Reporting devices 150 can send data over the network 140 to the data storage infrastructure 105 for ingestion. For example, one or more reporting devices 150 communicate over the network 140 using a network adapter and either a wired or wireless communication protocol. A variety of types of networking adapters and communications protocols may be used, examples of which include long distance protocols such as CDMA, 3G, and LTE/4G, as well as shorter range communications protocols such as WiFi/802.11 and BLUETOOTH/BLUETOOTH Low Energy (BTLE). Wired connections such as Ethernet, co-axial cable, and optical fibers may also be used. Reporting devices 150 may be individual/independent computing devices such as heart rate monitoring machines that are located in hospital, and may also include mobile computing devices paired with health monitoring computing devices that perform particular sensor/monitoring functions. Reporting device 150 can report both continuous and unit data streams to the data storage infrastructure 105. A channel ID (or other suitable device ID) may be assigned to each reporting device 150, data stream, or reporting device 105—infrastructure (pair) connection to distinguish the reporting device 150 or data from a particular sensor on the reporting device 150. For example, a channel ID can be a unique media access control (MAC) address, or any other suitable type of identifier.
Querying systems 160 query the data storage infrastructure 105 over the network 140 to pull data for analysis, display to a user, or any other suitable purpose. In some implementations, the querying systems 160 may use an application programming interface (API) exposed by the data storage infrastructure 105 or the initial 110 and/or long term 120 databases for this purpose. A querying system 160 can request any suitable data or range of data from the data storage infrastructure 105. For example, a query can comprise a request for data associated with a specific channel ID or set of channel IDs over a specified time range. In some implementations, a query requests data at a specified “outbound” sampling frequency (or with another specific level of detail) which may be the same or different from the “inbound” sampling frequency or granularity of the data stored received from reporting devices 150 and/or as stored in the data storage infrastructure 105. Querying systems 160 can be health care provider or patient-associated computing devices. In some cases, a querying system 160 is also a reporting device 150 and may both send data to the data storage infrastructure and request data for display or analysis.

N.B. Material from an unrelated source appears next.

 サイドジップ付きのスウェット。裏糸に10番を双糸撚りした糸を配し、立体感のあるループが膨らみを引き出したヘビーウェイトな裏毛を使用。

Generally, the reporting devices 150, querying system 160, devices that make up network 140, and data storage infrastructure 105 are all computing devices. The following brief description illustrates common components of a computing device. Generally, computing devices include chipset coupled to at least one processor. Coupled to the chipset is volatile memory, a network adapter, an input/output (I/O) device(s), a storage device representing a non-volatile memory, and a display. In one embodiment, the functionality of the chipset is provided by a memory controller and an I/O controller. In another embodiment, the memory is coupled directly to the processor instead of the chipset. In some embodiments, memory includes high-speed random access memory (RAM), such as DRAM, SRAM, DDR RAM or other random access solid state memory devices.

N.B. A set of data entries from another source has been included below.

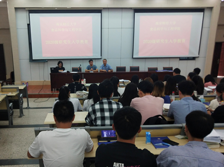 在食品科学与工程楼阶梯教师举行2020级研究生新生入学教育暨师生双选会。学院分管研究生副院长唐培安教授、导师代表沈新春教授、研究生辅导员施怡和优秀研究生代表张军淼参加会议,会议由分管院长唐培安教授主持。
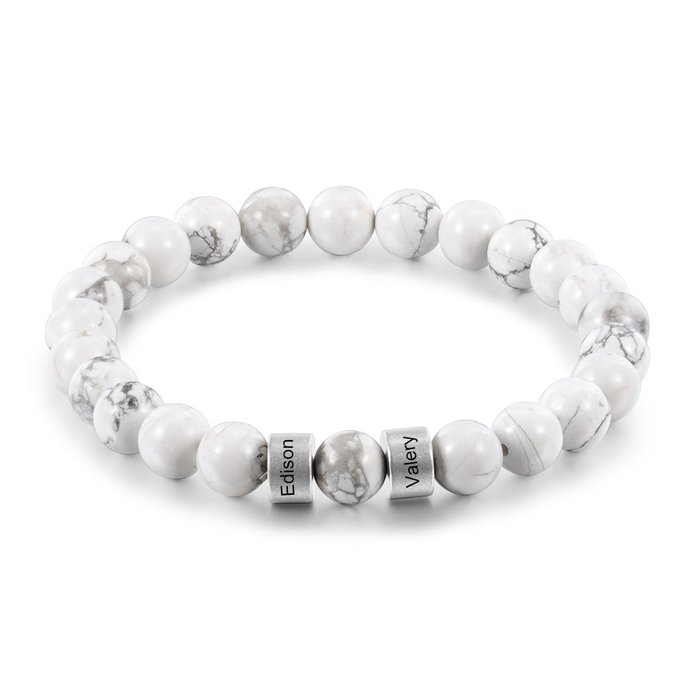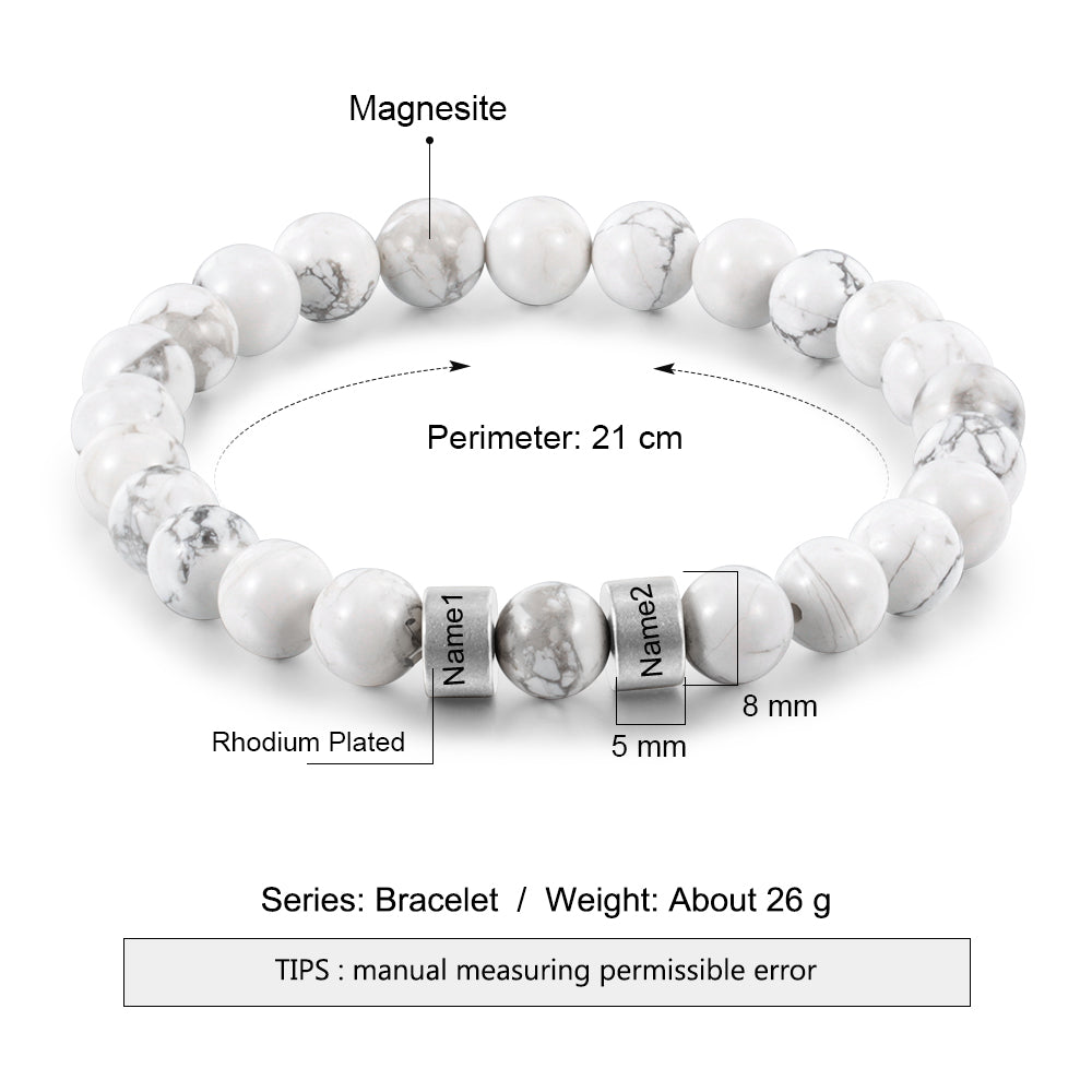 Natural Beads Bracelet has become the most iconic menswear and now EngravedGiftsly has added the name option on it. Chakra healing stones have a dual benefit, Chakras- Energy balancing and beauty. Express yourself with New Brand New Custom Magnesite Chakra White Bracelet. Makes a great gift for dad, mom, brother, sister, son, grandson, grandfather, husband, boyfriend, best friend, or a special someone in your life!
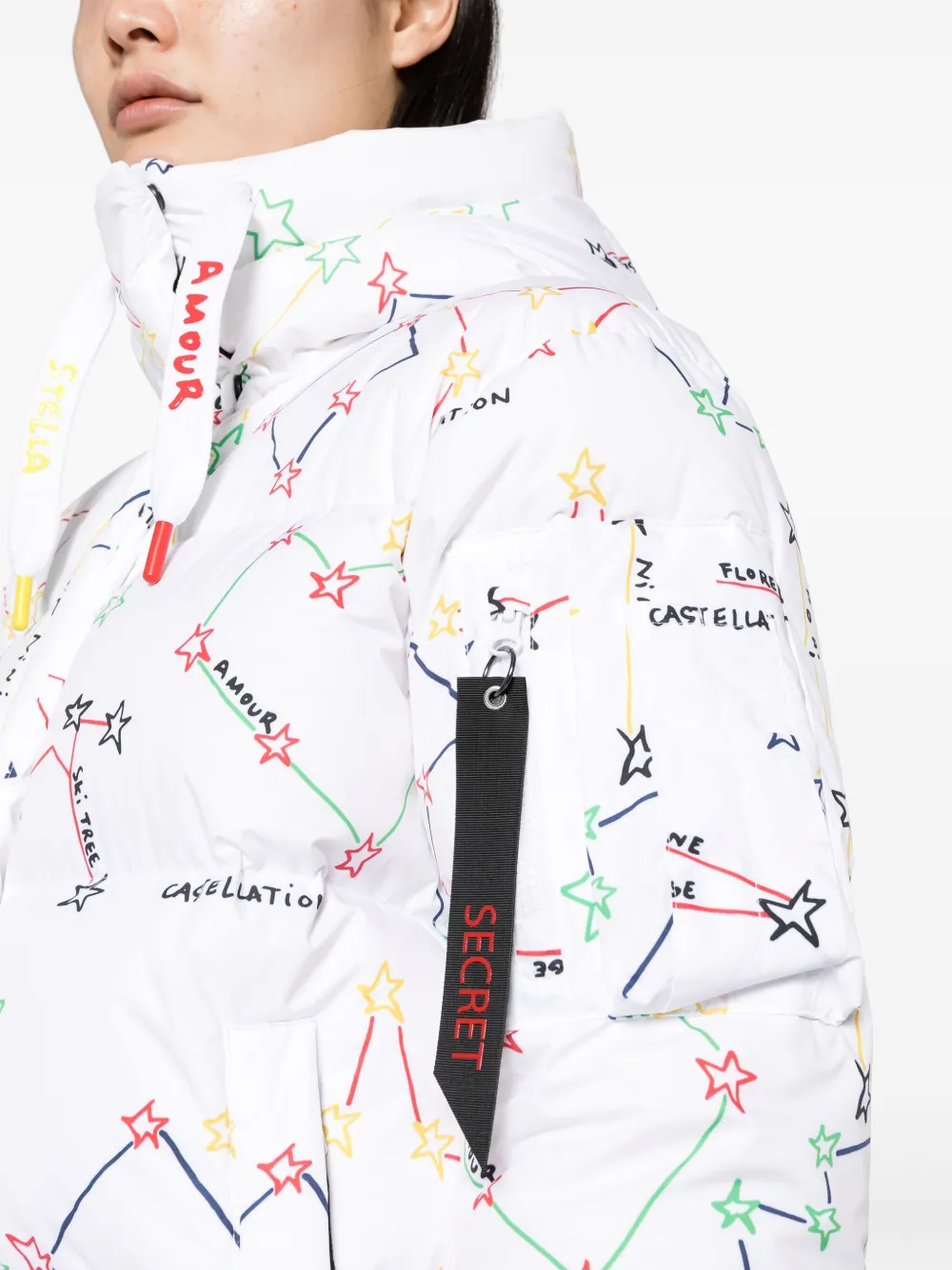 Белый/разноцветный, наполнитель из пуха и перьев, дутый материал, сплошной графичный принт, нашивка с логотипом сзади, классический капюшон, воротник-труба, потайная застежка спереди, длинные рукава, карман с молнией на рукаве, передние карманы на молнии и прямой подол.
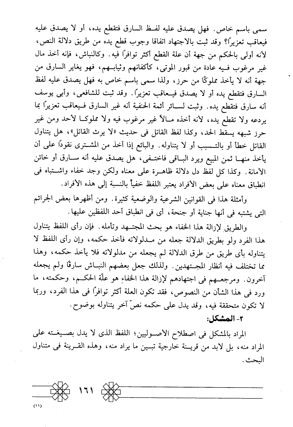 سمي باسم خاص. فهل يصدق عليه لفظ السارق فتقطع يده، أو لا يصدق عليه فيعاقب تعزيرا؟ وقد ثبت بالاجتهاد اتفاقا وجوب قطع يده من طريق دلالة النص؛ لأنه أولى بالحكم من جهة أن علة القطع أكثر توافرا فيه. وكالنباش، فإنه أخذ مال غير مرغوب فيه عادة من قبور الموتى، كأكفانهم وثيابهم، فهو يغاير السارق من جهة أنه لا يأخذ مملوكا من حرز، ولذا سمي باسم خاص به فهل يصدق عليه لفظ السارق فتقطع يده أو لا يصدق فيعاقب تعزيرًا. وقد ثبت للشافعي، وأبي يوسف أنه سارق فتقطع يده. وثبت لسائر أئمة الحنفية أنه غير السارق فيعاقب تعزيرًا بما يردعه ولا تقطع يده؛ لأنه أخذه مالًا غير مرغوب فيه ولا مملوكا لأحد ومن غير حرز شبهه يسقط الحد، وكذا لفظ القاتل في حديث: "لا يرث القاتل"، هل يتناول القاتل خطأ أو بالتسبب أو لا يتناوله. والبائع إذا أخذ من المشتري نقودا على أن يأخذ منها ثمن المبيع ويرد الباقي اختفى، هل يصدق عليه أنه سارق أو خائن الأمانة. وكذا كل لفظ دل دلالة ظاهرة على معناه، ولكن وجد خفاء واشتباه في انطباق معناه على بعض الأفراد يعتبر اللفظ خفيا بالنسبة إلى هذه الأفراد.

The storage device is any non-transitory computer-readable storage medium, such as a hard drive or a solid-state memory device. The memory holds instructions and data used by the processor. The I/O device may be a touch input surface (capacitive or otherwise), a mouse, or other type of pointing device, a keyboard, or another form of input device. The display displays images and other information from for the computing device. The network adapter couples the computing device to the network.
As is known in the art, a computing device can have different and/or other components than those mentioned above. In addition, the computing device can lack certain illustrated components. As an example, a computing device acting as server may lack a dedicated I/O device, and/or display. Moreover, the storage device can be local and/or remote from the server (such as embodied within a storage area network (SAN)). In one embodiment, the processing power of the data storage infrastructure 105 is provided by a service such as Amazon Web Services™.

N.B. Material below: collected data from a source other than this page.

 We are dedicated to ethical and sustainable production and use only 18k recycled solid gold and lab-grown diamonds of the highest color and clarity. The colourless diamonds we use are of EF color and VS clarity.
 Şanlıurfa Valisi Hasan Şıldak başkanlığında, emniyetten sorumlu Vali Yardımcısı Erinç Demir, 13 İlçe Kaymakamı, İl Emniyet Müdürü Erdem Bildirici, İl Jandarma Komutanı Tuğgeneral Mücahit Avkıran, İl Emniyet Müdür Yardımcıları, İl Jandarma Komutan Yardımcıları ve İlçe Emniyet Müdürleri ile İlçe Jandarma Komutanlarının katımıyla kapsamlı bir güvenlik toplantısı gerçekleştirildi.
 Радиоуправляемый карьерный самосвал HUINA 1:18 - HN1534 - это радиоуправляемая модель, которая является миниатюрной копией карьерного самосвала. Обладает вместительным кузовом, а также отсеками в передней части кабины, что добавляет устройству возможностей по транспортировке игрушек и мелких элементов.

Generally, the exact physical components used in a reporting device 150 will vary in size, power requirements, and performance from those used in the data storage infrastructure 105. For example, reporting devices 150 will include relatively small storage capacities and processing power, but will often include input devices and displays. These components are suitable for user input of data and receipt, display, and interaction with that data.
As is known in the art, a computing device is adapted to execute computer program modules for providing functionality described herein. A module can be implemented in hardware, firmware, and/or software. In one embodiment, program modules are stored on the storage device, loaded into the memory, and executed by the processor.
III. Data StorageIn order to make data available for querying immediately upon ingestion, a data storage infrastructure 105 as introduced above can be used.
In one example embodiment, the initial database 110 can be implemented with Hbase or another suitable time series database for immediate ingestion and ordering of incoming data. The use of a time series database such as Hbase can make received data available for querying as soon as possible. In this example embodiment, the initial database 110 is particularly configured to automatically order incoming data, for example by using a timestamp of each data entry as part of the row key for the data entry.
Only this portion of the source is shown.